- _What you need to do_: Only the pictures are to be left out; set down the rest of the records exactly.

**** Data for this task

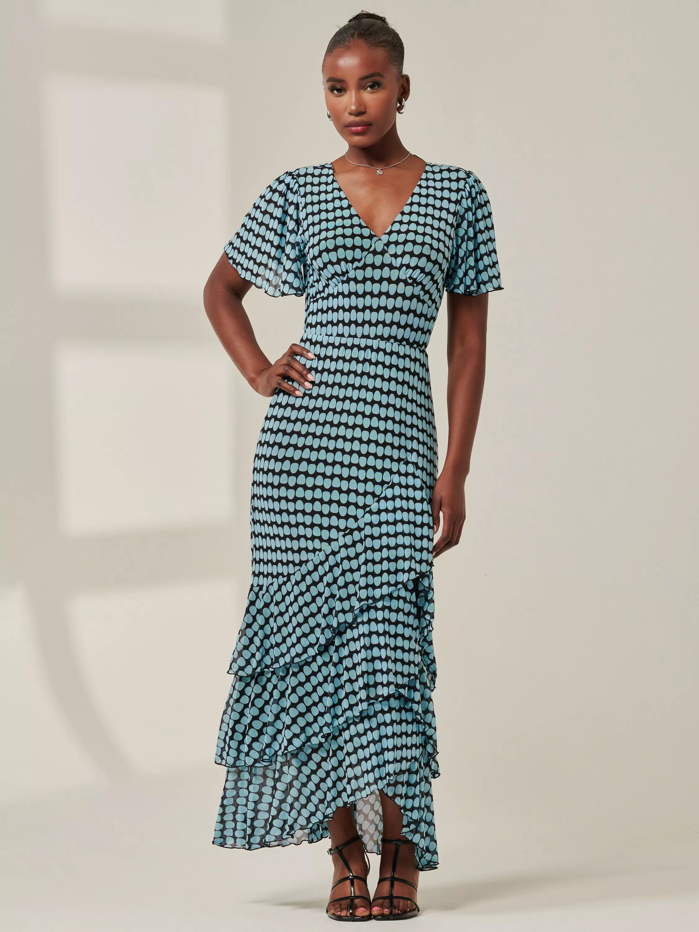 Make a bold statement with the Geo Print Tiered Maxi Dress, a vibrant addition to any wardrobe. Showcasing a lively spot print, this dress features short angel sleeves and a soft V-neckline that enhance its stylish appeal. The layered tiered hem adds a playful, flowing movement, making it perfect for any occasion where you want to stand out with elegance and flair.
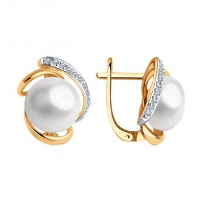 Золотое кольцо SOKOLOV с фианитом и жемчугом 791230
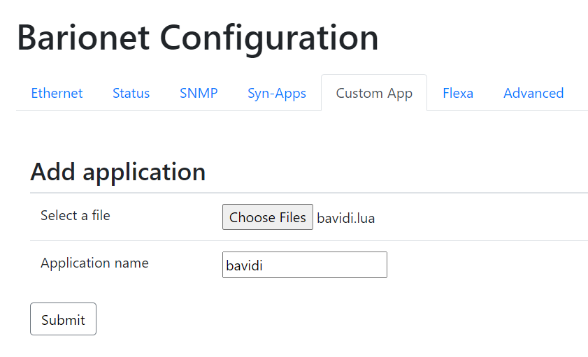 Open the Barionet web configuration interface and locate the "Custom App" tab
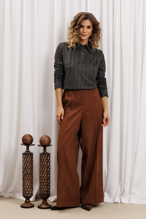 Костюм состоит из джемпера и брюк. Джемпер прямого силуэта из трикотажного змшевого полотна с тигровым рисунком. Перед с застежкой поло и нагрудными вытачками. По воротнику настрочена декоративная тесьма. Длина джемпера  - 61 см, длина рукава - 61 см.  Брюки палаццо с притачным поясом из мягкой вельветовой ткани. Спереди застежка гульфик на молнии и петлей и пуговицей по поясу. По задней частям брюк вытачки. Пояс с резинкой в боковых частях. Брюки с заутюженными стрелками. Длина брюк с учетом пояса - 109 см.
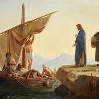A man in blue robes stands on a rocky shore, speaking to three men on a small sailboat, while two others stand nearby holding bundles. Calm water and distant mountains are visible in the background.
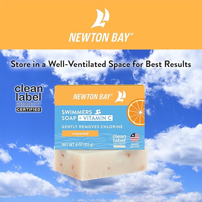 - ENHANCED NATURAL FORMULA: Newton Bay Swimmers Soap + Vitamin C is an enhanced version of Newton Bay's original chlorine removal soap. Formulated to overcome stubborn chlorine damage, Swimmers Soap + Vitamin C includes the same, short list of high quality, all-natural, vegan ingredients as Newton Bay's original Swimmers Soap plus the chlorine neutralizing power of vitamin C. Swimmers Soap does not contain any sulfates, parabens, phthalates, or added fragrance. Our RSPO-certified palm oil is sustainably produced, wildlife friendly and fully traceable.
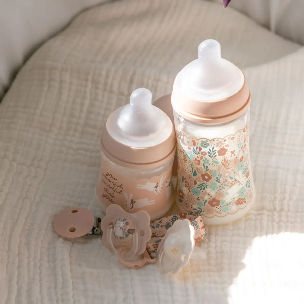 Produkt SUAVINEX | Kojenecká láhev WONDERLAND NEW 150ml FYZIOL PRŮTOK S - růžový květ
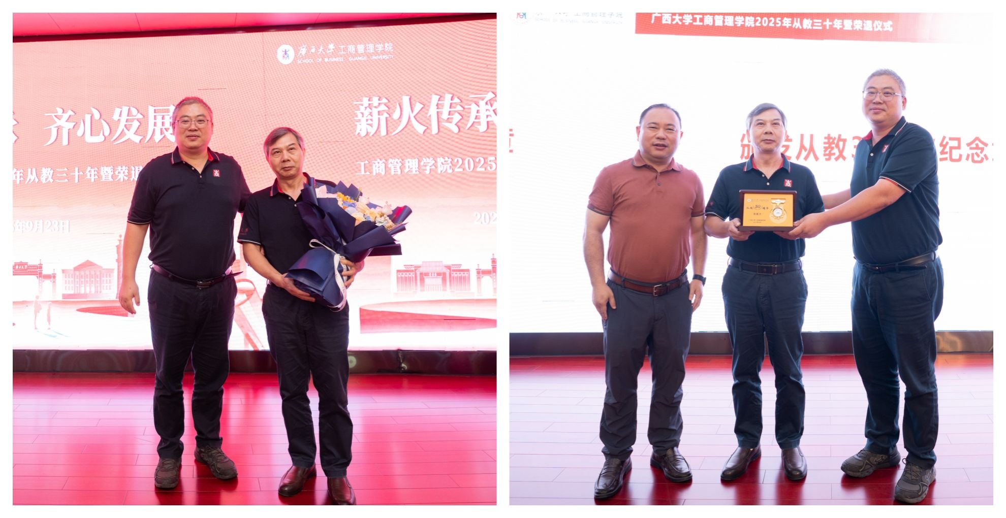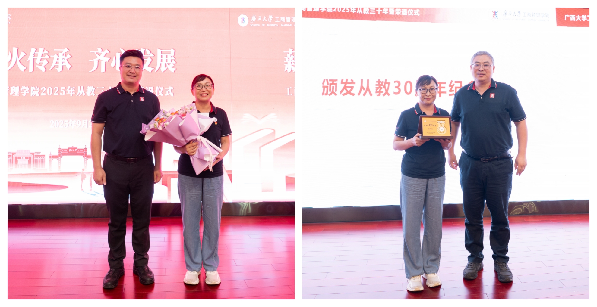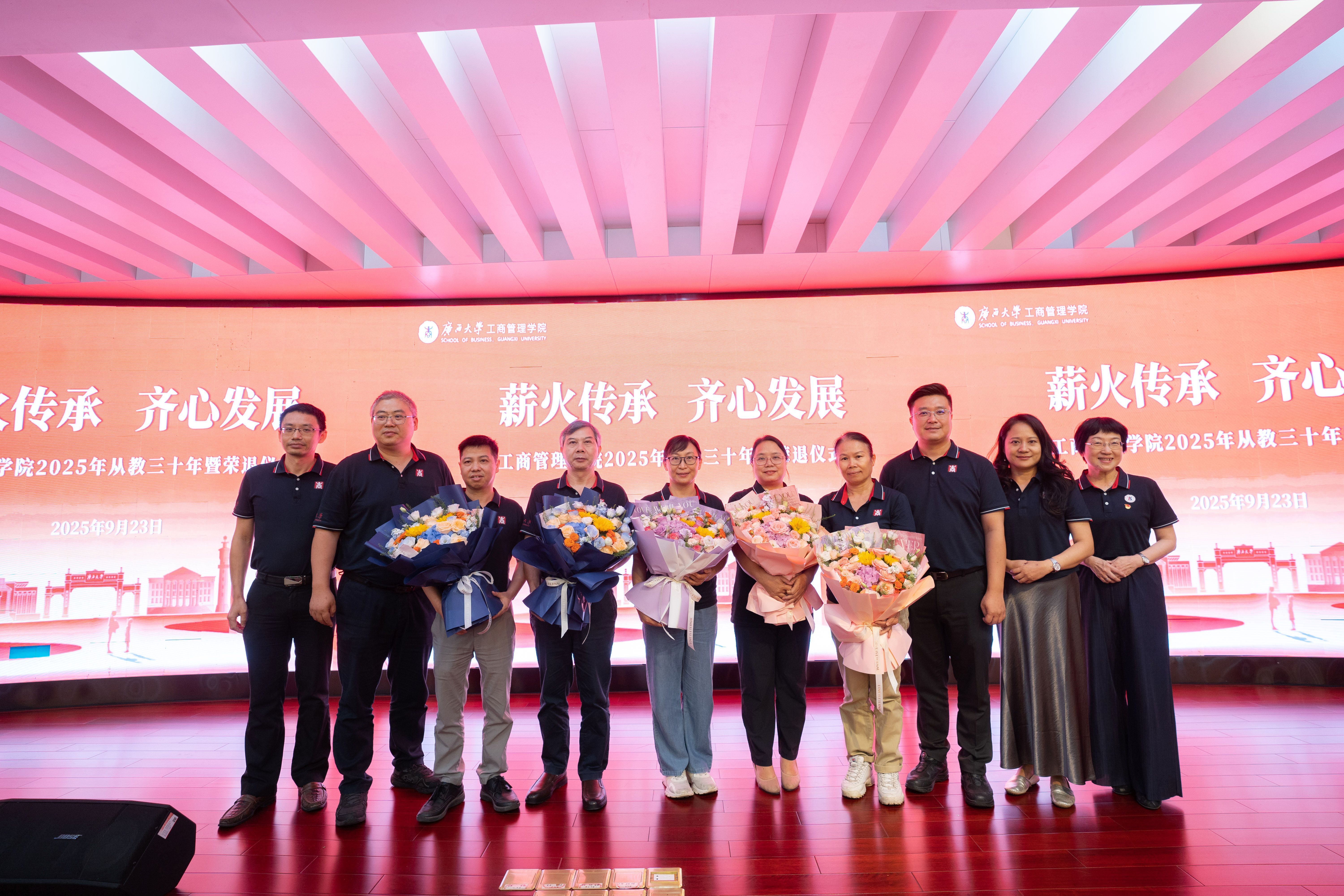 党委书记黄晋、院长朱帮助,党委副书记肖克宁,副院长朱少英、申韬、廖东红、韦铁,学校科研平台建设管理处副处长刘民坤与全院教职工欢聚一堂,举行2025年从教三十年暨荣退仪式,向五位教育工作者致以崇高敬意。
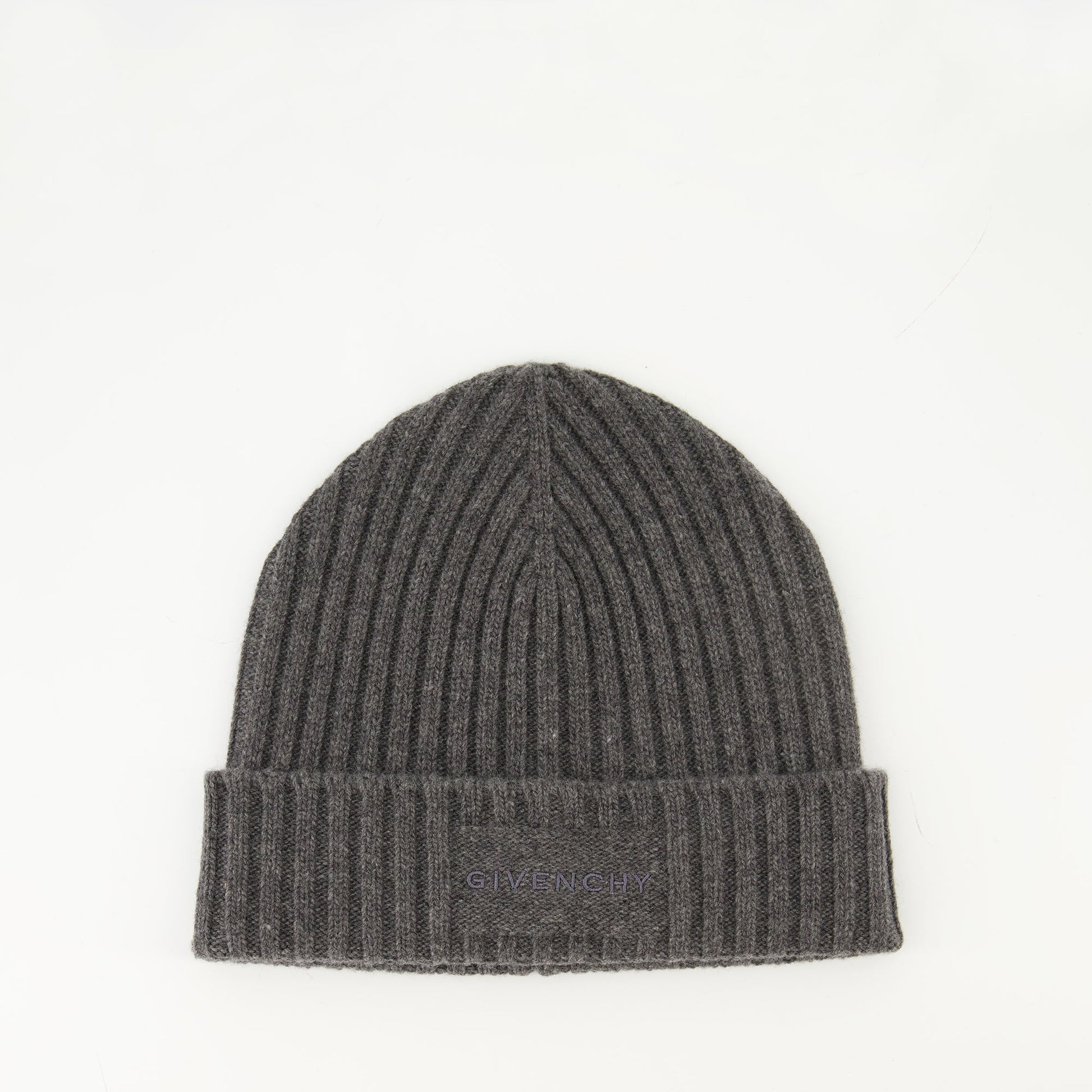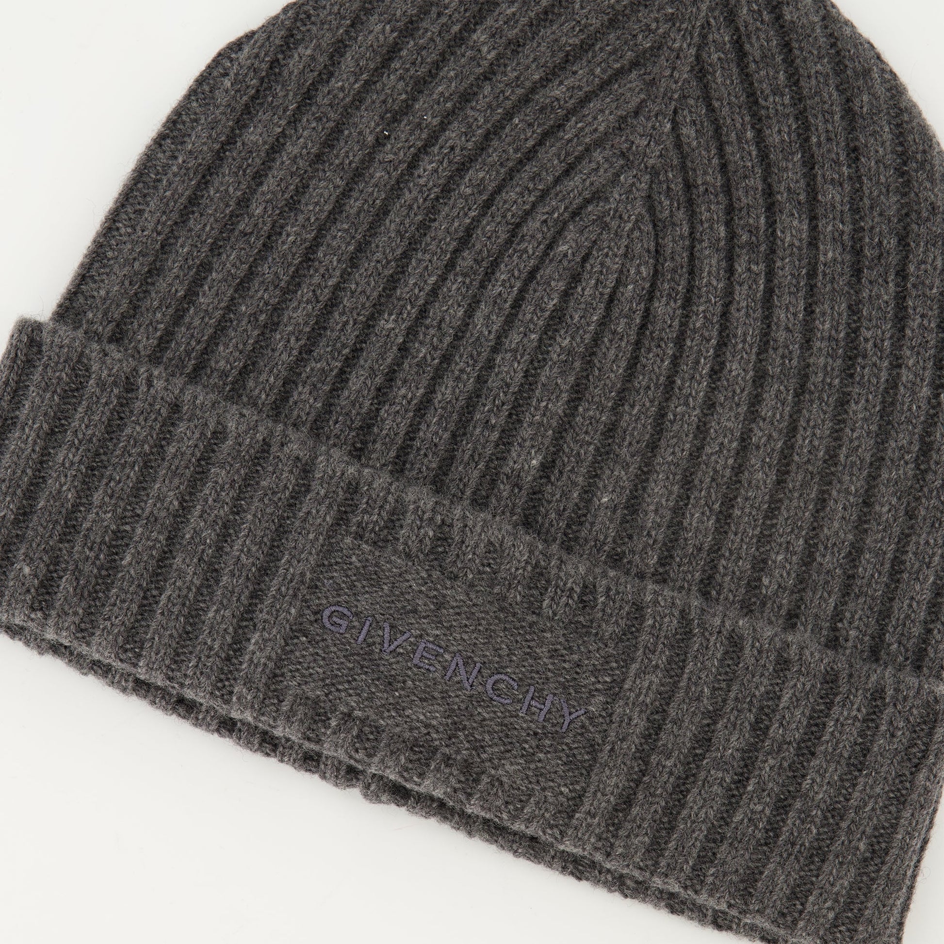 The gray wool beanie from Givenchy is an elegant accessory for women. It is part of the Autumn-Winter 2025 collection, featuring an embroidered logo on the front.
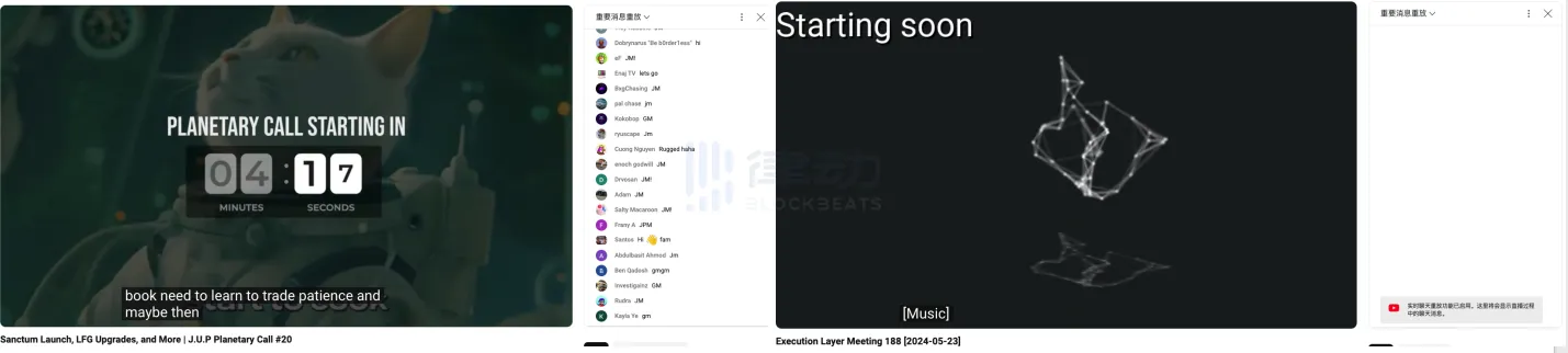 左图为 Jupiter YouTube 直播栏目,右图为第 20 期 Jupiter 行星会议的 Twitter 直播

********

- _Expected answer_:
 Make a bold statement with the Geo Print Tiered Maxi Dress, a vibrant addition to any wardrobe. Showcasing a lively spot print, this dress features short angel sleeves and a soft V-neckline that enhance its stylish appeal. The layered tiered hem adds a playful, flowing movement, making it perfect for any occasion where you want to stand out with elegance and flair.
 Золотое кольцо SOKOLOV с фианитом и жемчугом 791230
 Open the Barionet web configuration interface and locate the "Custom App" tab
 Костюм состоит из джемпера и брюк. Джемпер прямого силуэта из трикотажного змшевого полотна с тигровым рисунком. Перед с застежкой поло и нагрудными вытачками. По воротнику настрочена декоративная тесьма. Длина джемпера  - 61 см, длина рукава - 61 см.  Брюки палаццо с притачным поясом из мягкой вельветовой ткани. Спереди застежка гульфик на молнии и петлей и пуговицей по поясу. По задней частям брюк вытачки. Пояс с резинкой в боковых частях. Брюки с заутюженными стрелками. Длина брюк с учетом пояса - 109 см.
A man in blue robes stands on a rocky shore, speaking to three men on a small sailboat, while two others stand nearby holding bundles. Calm water and distant mountains are visible in the background.
 - ENHANCED NATURAL FORMULA: Newton Bay Swimmers Soap + Vitamin C is an enhanced version of Newton Bay's original chlorine removal soap. Formulated to overcome stubborn chlorine damage, Swimmers Soap + Vitamin C includes the same, short list of high quality, all-natural, vegan ingredients as Newton Bay's original Swimmers Soap plus the chlorine neutralizing power of vitamin C. Swimmers Soap does not contain any sulfates, parabens, phthalates, or added fragrance. Our RSPO-certified palm oil is sustainably produced, wildlife friendly and fully traceable.
 Produkt SUAVINEX | Kojenecká láhev WONDERLAND NEW 150ml FYZIOL PRŮTOK S - růžový květ
 党委书记黄晋、院长朱帮助,党委副书记肖克宁,副院长朱少英、申韬、廖东红、韦铁,学校科研平台建设管理处副处长刘民坤与全院教职工欢聚一堂,举行2025年从教三十年暨荣退仪式,向五位教育工作者致以崇高敬意。
 The gray wool beanie from Givenchy is an elegant accessory for women. It is part of the Autumn-Winter 2025 collection, featuring an embroidered logo on the front.
 左图为 Jupiter YouTube 直播栏目,右图为第 20 期 Jupiter 行星会议的 Twitter 直播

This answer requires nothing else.